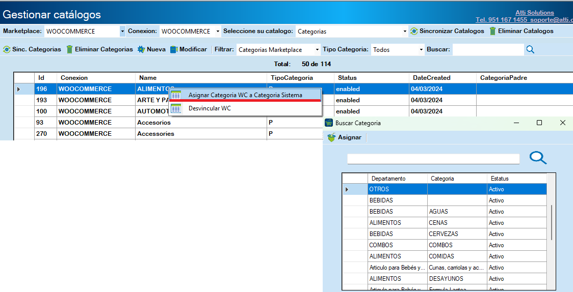 Relacionar Categoría WooCommerce con Categoría Sistema Origen  #
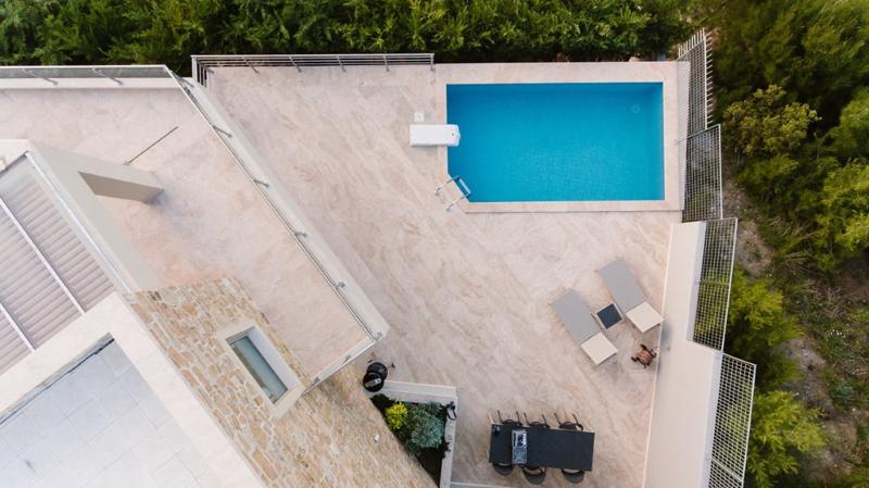 Екстри: голям открит басейн, слънчеви колектори за топла вода, камина, климатик, асансьор, гараж, подово отопление (дизел), алармена система, складово помещение.
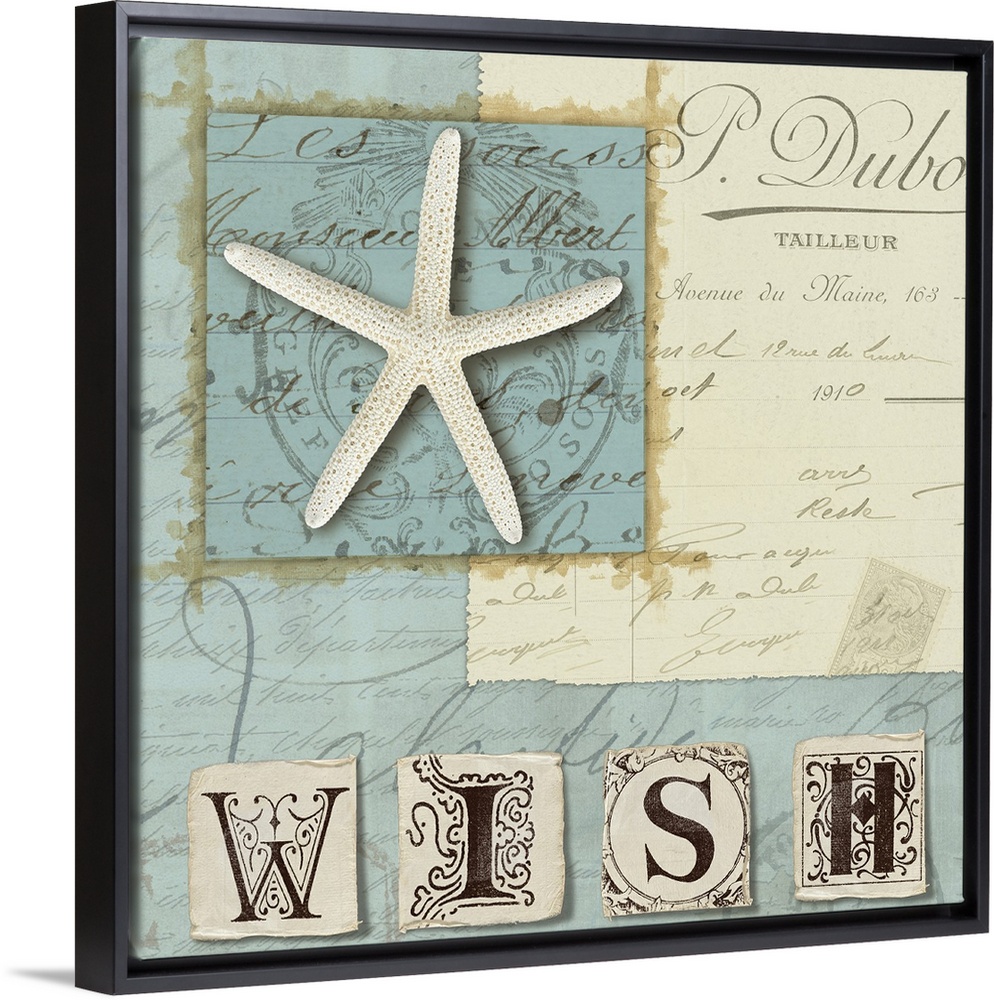 <p>This square shaped, decorative home docor accent is a wonderful piece to hang in a beach house, cottage, or bathroom. The artwork contains hand written text in French, collaged paper textures, a preserved star fish, and the word oWISHo in decorative type.</p>
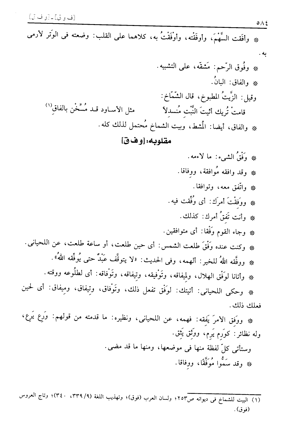 مقلوبه: (وف ق)

WHAT TO WORK ON |
Please return only the lines running from the line with "<p>This square shaped, decorative" to the final line of the data, both included, exactly and without any pictures.

ANSWER FOR THE TASK |
 <p>This square shaped, decorative home docor accent is a wonderful piece to hang in a beach house, cottage, or bathroom. The artwork contains hand written text in French, collaged paper textures, a preserved star fish, and the word oWISHo in decorative type.</p>
 مقلوبه: (وف ق)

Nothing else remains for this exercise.